Der Fall Yukos, als dessen Drahtzieher Setschin und Bogdantschikow gelten, liegt weiter wie ein Schatten über Rosneft. Nach Schätzungen amerikanischer Anwälte sollen US-Aktionäre um sechs Mrd. Dollar gebracht worden sein. Erste Sammelklagen wurden eingereicht. Yukos war nach Steuernachforderungen von 30 Mrd. Dollar zerschlagen worden. Rosneft sicherte sich 2004 den Hauptförderbetrieb Juganskneftegas und verdreifachte dadurch seine Fördermenge.

Zahlreiche russische Staatsunternehmen wurden in den vergangenen Wochen angewiesen, Rosneft-Aktien zu zeichnen. Damit ist der Erfolg vorprogrammiert.
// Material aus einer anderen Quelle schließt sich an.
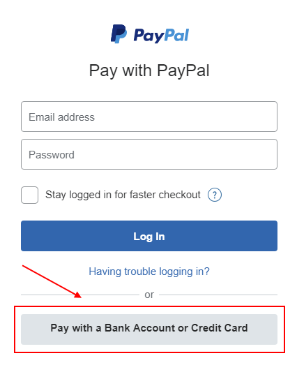 You do not need a PayPal account to purchase from our website. Simply add your item(s) to the cart, and then click the cart's "checkout" button. When you get to the PayPal screen, click the button highlighted below. You can check out as a "guest" without creating an account. PayPal is an extremely secure payment processor.

Im Ausland soll bei den führenden Energiekonzernen Chinas, Indiens und Malaysias großes Interesse an einem Einstieg bei Rosneft bestehen, um sich dem Kreml als Energiepartner der Zukunft anzudienen. Obergrenze sind zwei Prozent der Rosneft-Anteile. Um mehr Vertrauen bei ausländischen Investoren zu schaffen, wurde der deutsche Bankier Hans-Jörg Rudloff, Chef der britischen Investmentbank Barclays Capital, in den Aufsichtsrat gewählt.

Welche Vorteile in Russland ein staatlicher Eigentümer genießt, machte im Mai ein Gerichtsurteil zu Steuernachforderungen gegen den Förderbetrieb Juganskneftegas deutlich, der von Yukos an Rosneft überging. Die Richter reduzierten ohne nähere Erläuterung die Steuerlast von ursprünglich 4,7 Mrd. Dollar auf ein Sechstel der Summe – 760 Mio. Dollar.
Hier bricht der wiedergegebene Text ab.